© Reuters. FILE PHOTO: A sign framed by maple leaves is pictured in front of the Bank of Canada building in Ottawa July 17, 2012. REUTERS/Chris Wattie/File Photo
By Promit Mukherjee
OTTAWA (Reuters) -Members of the Bank of Canada’s (BoC) governing council were concerned about cutting borrowing costs too soon amid persistent inflation when they decided to keep the key overnight rate on hold on Jan. 24, minutes published on Wednesday showed.
The policy-setting governing council was “particularly concerned about the persistence of inflation and did not want to lower interest rates prematurely,” the minutes said.
The Bank of Canada (BoC) aims to keep inflation at 2% and has increased its key overnight rate 10 times in 17 months to a 22-year high of 5% to tame inflation.
Shelter price inflation, which includes mortgage interest costs, rent and components related to house prices, remained the biggest contributor to above-target inflation, the minutes said.
“Members expressed concern that, going forward, shelter price inflation would continue to keep overall inflation elevated,” the summary of deliberations said.

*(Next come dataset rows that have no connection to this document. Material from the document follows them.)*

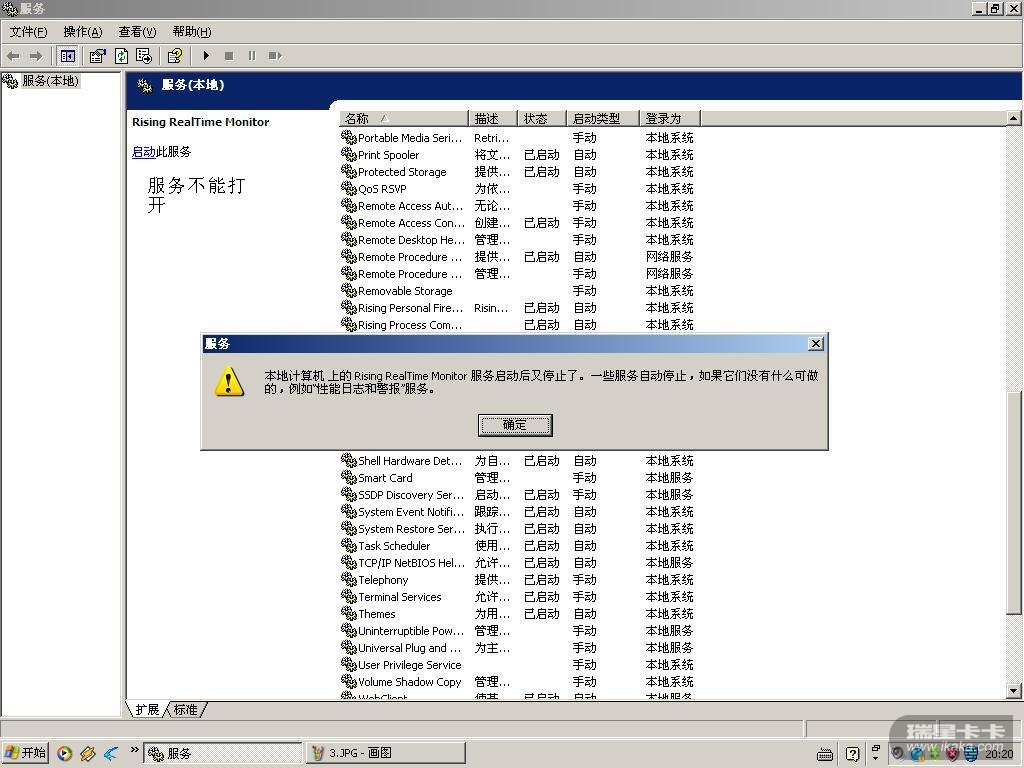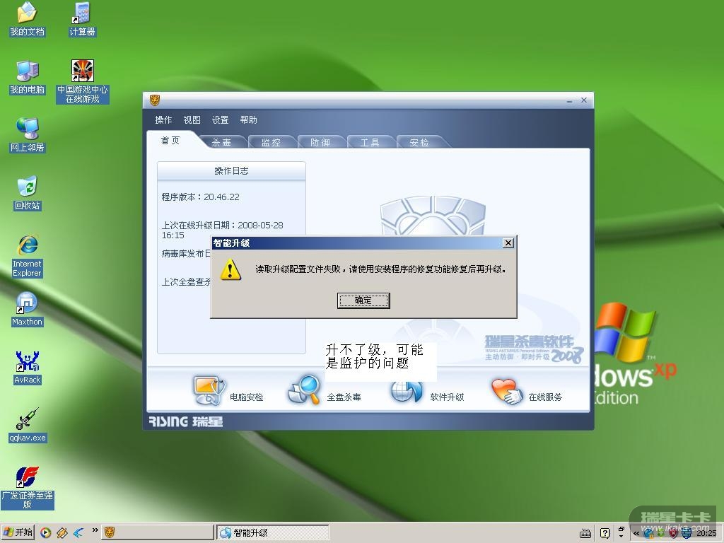 我的瑞星监控打不开,且杀毒软件不能升级(情况不同置顶帖)
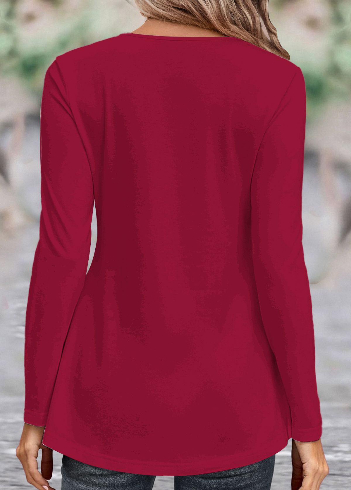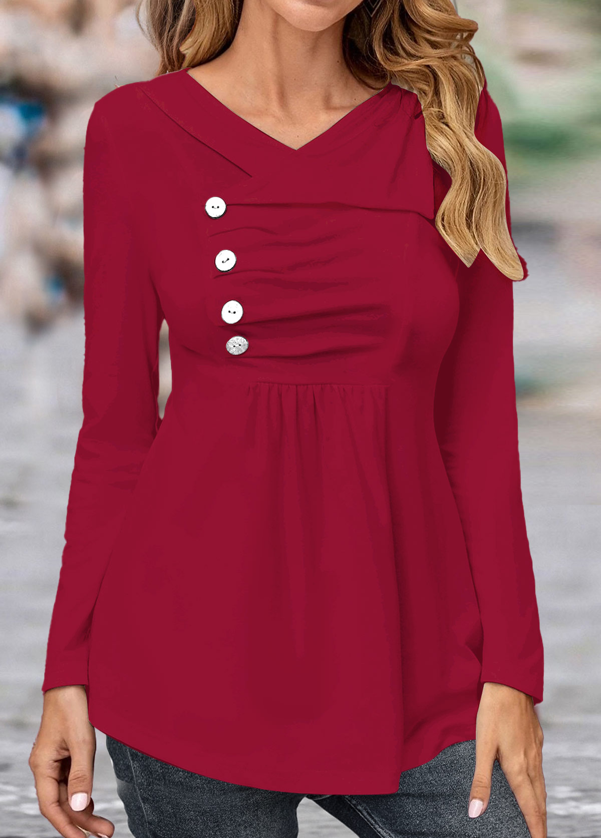 • Asymmetry Turn Down Collar Wine Red T Shirt
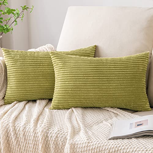 EMEMA Fodere Cuscini in Velluto a Coste Confezione da 2 Decorative Federe Morbido Copricuscini Cuscino Moderne Comodo Robusto per Camera da Divano Letto 30x50cm Verde erba
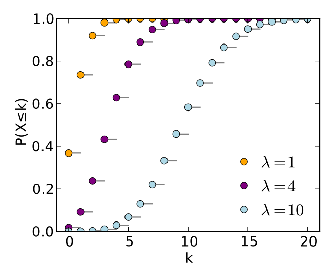 对着上述图像解释,每个点的意义就是单位时间或面积内随机事件发生次数小于等于k次的概率。
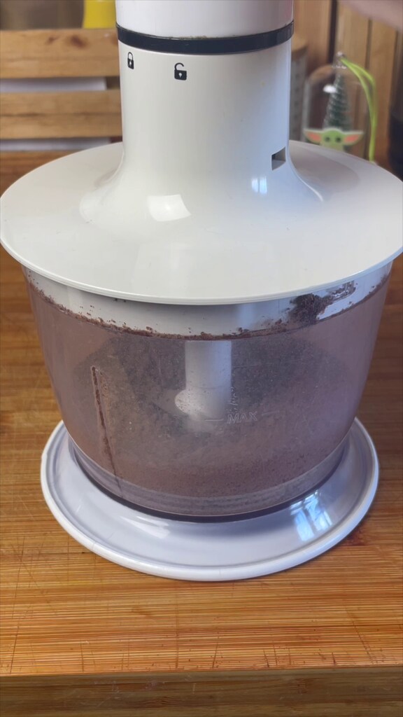 Donnez encore quelques impulsions au mixeur pour bien mélanger toutes les poudres.
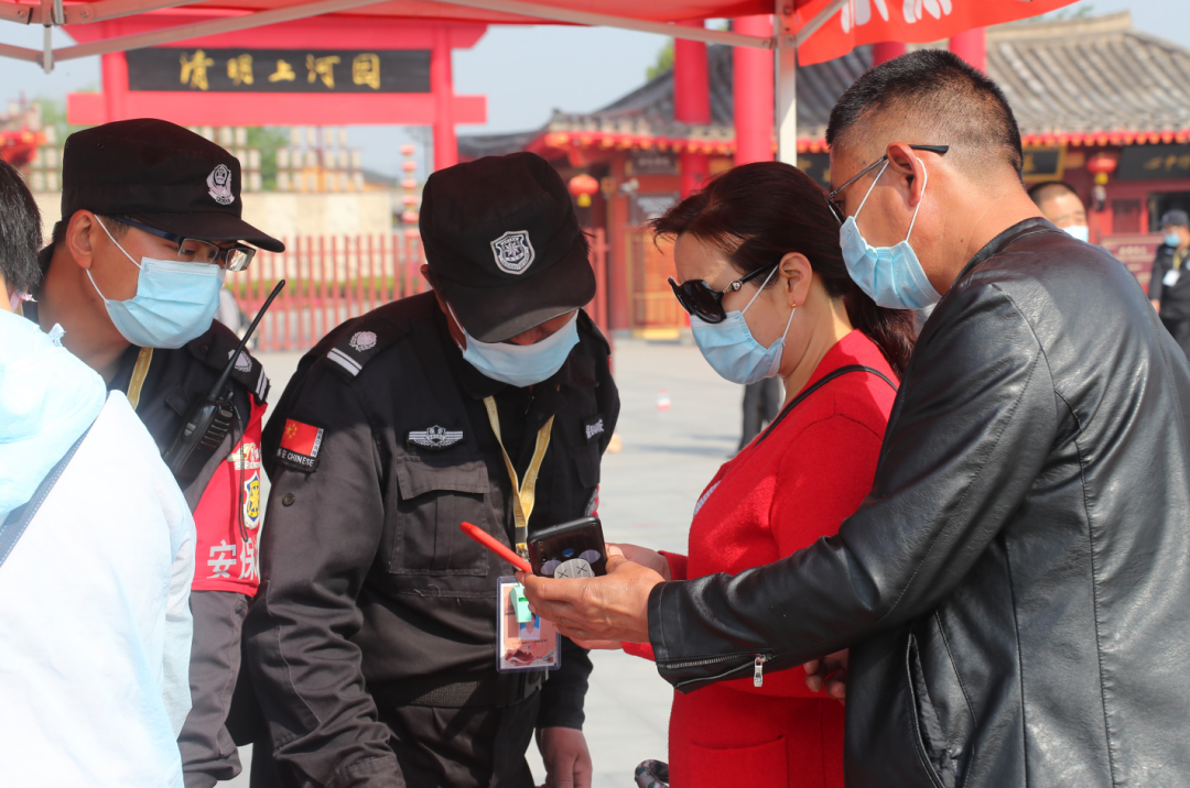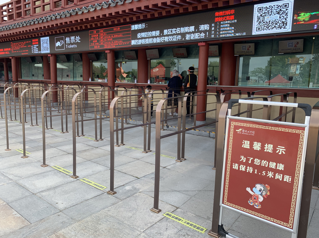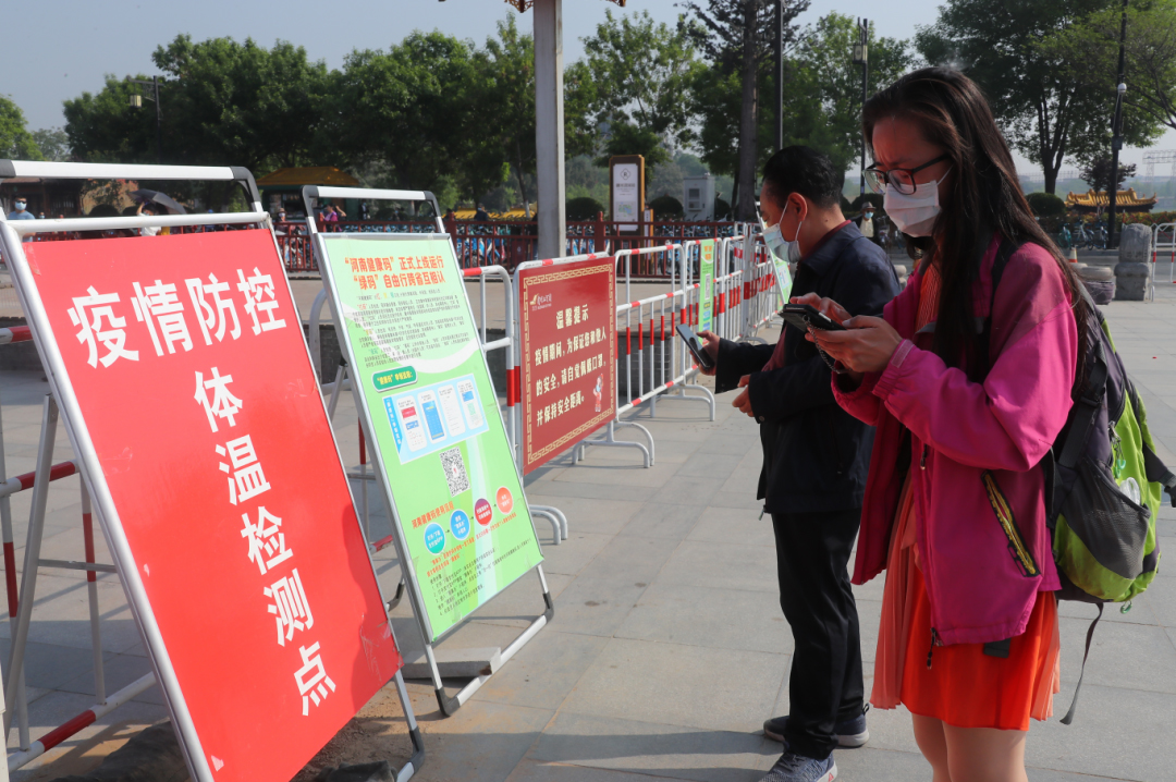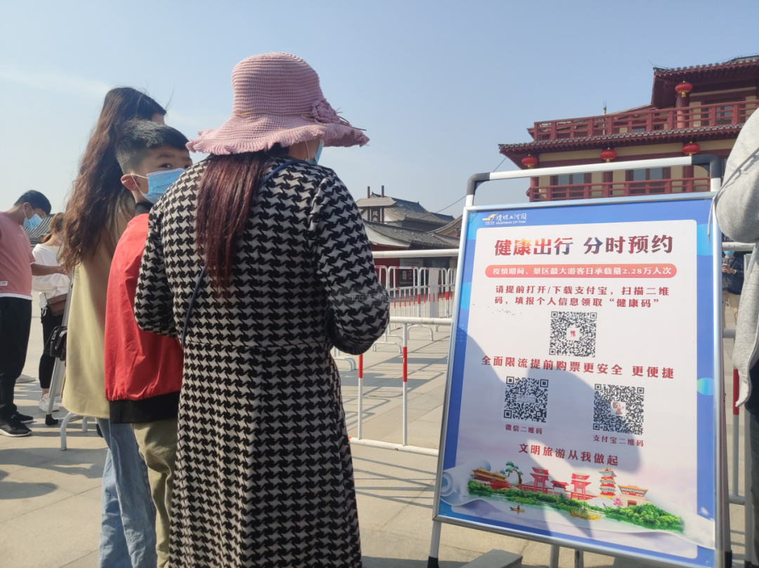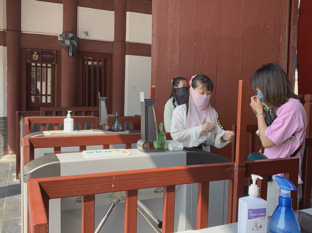 準備進入景區(qū)的游客排隊出示“綠色健康碼”、測量體溫、1.5米安全間隔、信息登記、文明旅游貼標、井然有序,做到了方便、快捷。
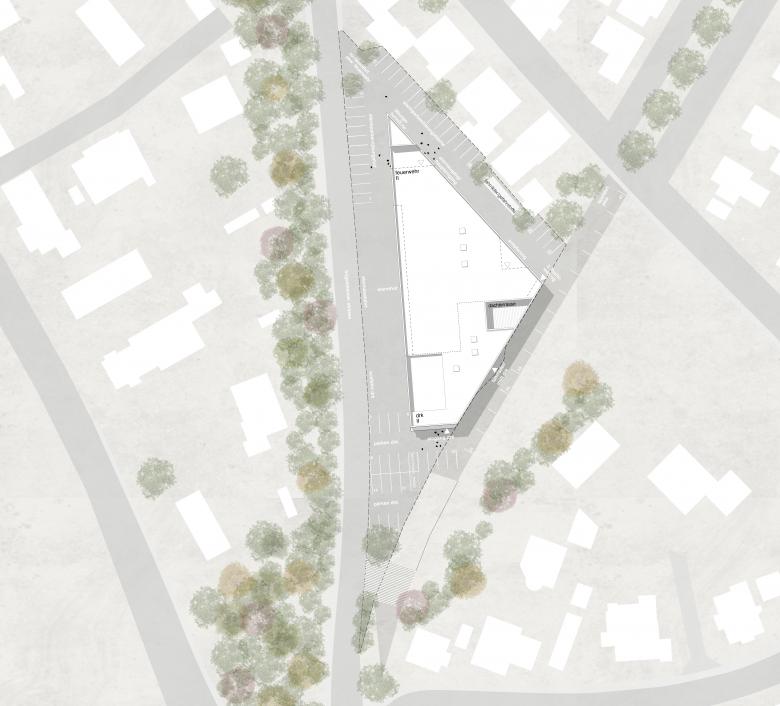 Der Entwurf nimmt die Gegebenheiten des Ortes auf, indem er die Form des Grundstückes auf das Gebäude überträgt. Es entsteht ein 2-geschossiges kompaktes, funktionales Gebäude aus Feuerwehr und DRK, das als Einheit auch der Nachhaltigkeit dient. Durch das eindeutige Zuordnen der Aussenflächen zu den jeweiligen Funktionsbereichen wird ein sicherer und nutzungsorientierter Ablauf angestrebt, welcher sich ins Innere des Gebäude weiterzieht.

The governing council was worried that if the housing market rebounded more than expected in the spring of 2024, shelter inflation could keep inflation materially above the target even while other price pressures abated, the minutes said.
“Bank of Canada cannot ignore shelter costs … and they know if shelter costs did not moderate, they would need to remain restricted for longer,” said Andrew Kelvin, chief Canada strategist at TD Securities.
He said the deliberations at the governing council meeting seem to point to that.
Canada’s shelter costs, which account for over a quarter of its CPI basket, rose 6% in December year on year even as the overall inflation figure came in at 3.4%.
Governor Tiff Macklem, while addressing a press conference at the Montreal Council of Foreign Relations on Tuesday, said the BoC expects a modest increase in prices in housing in 2024 and that was built into its forecasts.
The minutes showed that the BoC was also fretting about an increase in wages amid zero productivity growth, which could have further inflationary pressures. Wages have been growing between 4% and 5% annually.
“Members expected wage growth to moderate gradually,” the minutes said.
The central bank also sees risk to growth, as restrictive monetary policy could impact consumer spending and cause a marked contraction in economic activity, forcing the BoC to ease interest rates “earlier and more quickly than anticipated.”
A raft of recent data where some indicators suggest inflation is easing even as shelter and food costs remain elevated has left policymakers in “wait-and-see mode,” said Royce Mendes, head of macro strategy for Desjardins Group.
The governing council minutes showed that they agreed that the current rise in the overnight interest rate above the policy rate target was primarily because of an increased demand for government bonds.